**Data**
******

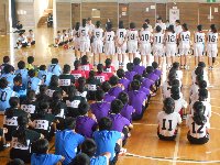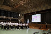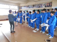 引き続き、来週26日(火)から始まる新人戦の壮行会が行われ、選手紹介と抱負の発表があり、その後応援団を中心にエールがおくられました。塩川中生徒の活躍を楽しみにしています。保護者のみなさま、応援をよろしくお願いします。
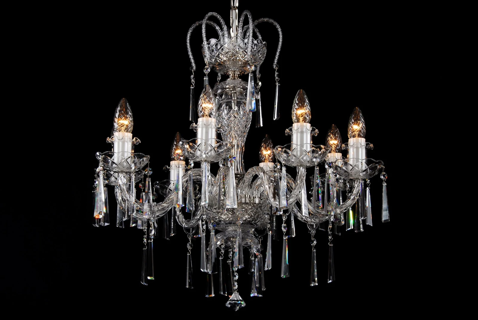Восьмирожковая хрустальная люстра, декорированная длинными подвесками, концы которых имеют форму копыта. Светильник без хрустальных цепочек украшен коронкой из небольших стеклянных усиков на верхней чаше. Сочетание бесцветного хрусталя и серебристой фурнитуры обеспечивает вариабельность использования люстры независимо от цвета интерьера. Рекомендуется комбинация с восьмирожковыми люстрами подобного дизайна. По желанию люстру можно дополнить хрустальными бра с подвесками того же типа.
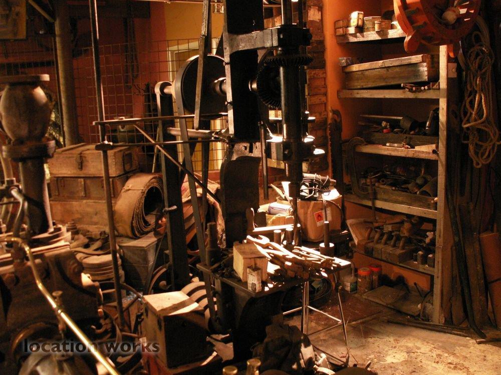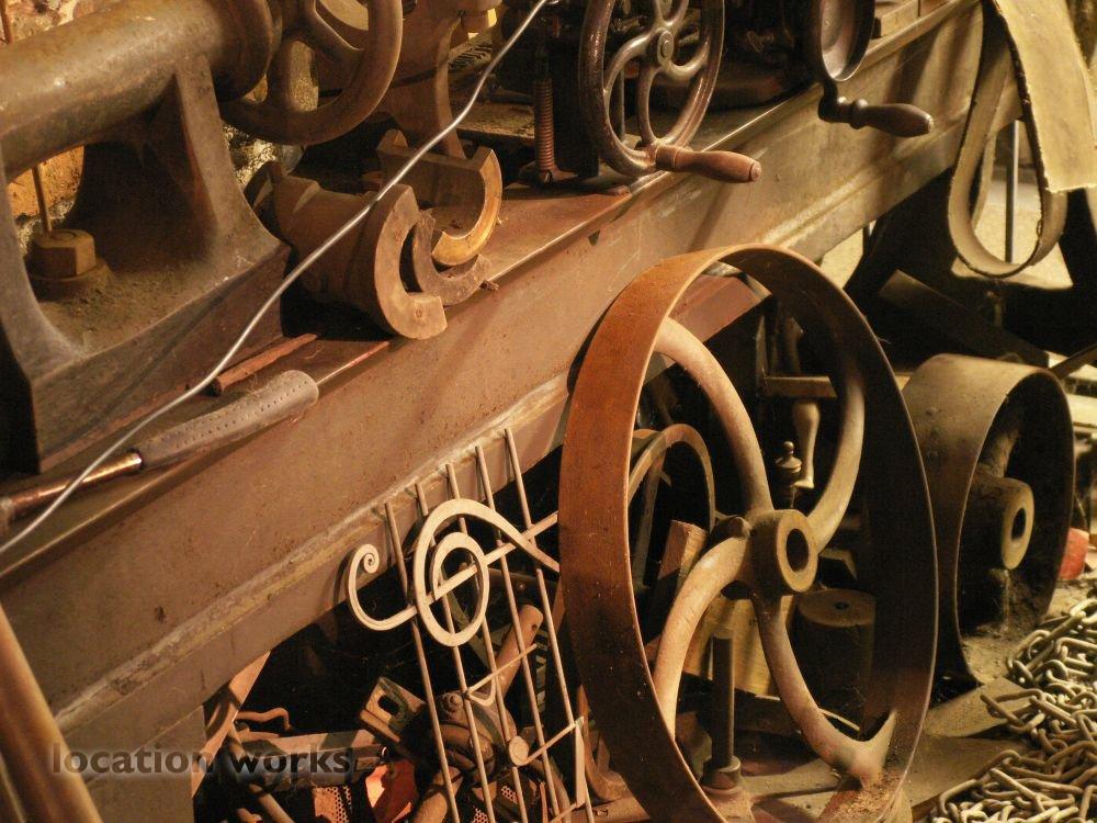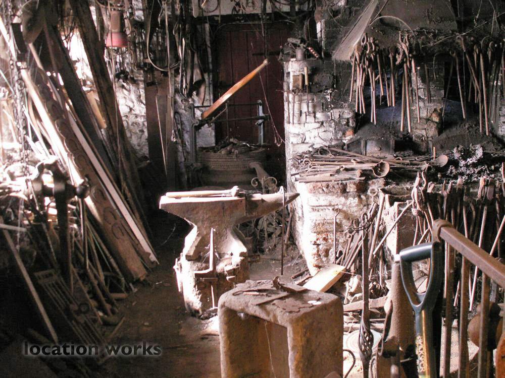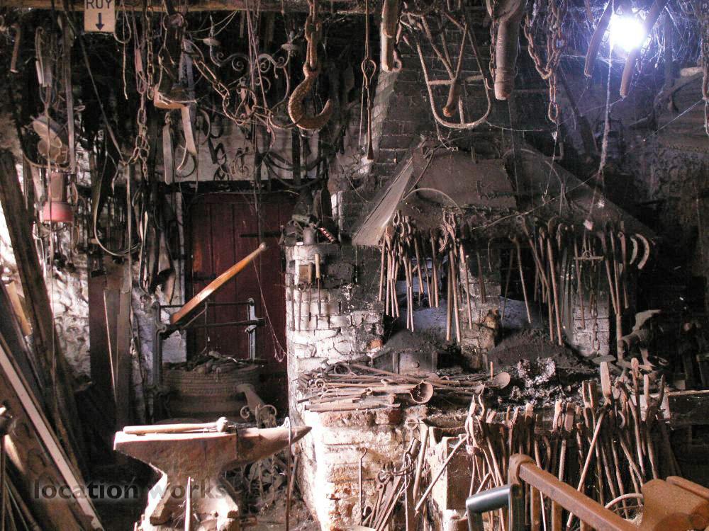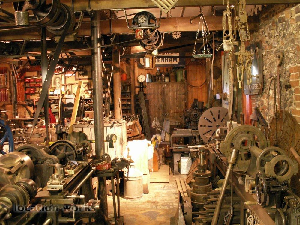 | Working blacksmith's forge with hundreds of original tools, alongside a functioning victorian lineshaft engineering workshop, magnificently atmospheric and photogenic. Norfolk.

******

**Task details**
Keep the pictures out while you retype all of the data above exactly as it appears.

**Your solution**
 引き続き、来週26日(火)から始まる新人戦の壮行会が行われ、選手紹介と抱負の発表があり、その後応援団を中心にエールがおくられました。塩川中生徒の活躍を楽しみにしています。保護者のみなさま、応援をよろしくお願いします。
Восьмирожковая хрустальная люстра, декорированная длинными подвесками, концы которых имеют форму копыта. Светильник без хрустальных цепочек украшен коронкой из небольших стеклянных усиков на верхней чаше. Сочетание бесцветного хрусталя и серебристой фурнитуры обеспечивает вариабельность использования люстры независимо от цвета интерьера. Рекомендуется комбинация с восьмирожковыми люстрами подобного дизайна. По желанию люстру можно дополнить хрустальными бра с подвесками того же типа.
 | Working blacksmith's forge with hundreds of original tools, alongside a functioning victorian lineshaft engineering workshop, magnificently atmospheric and photogenic. Norfolk.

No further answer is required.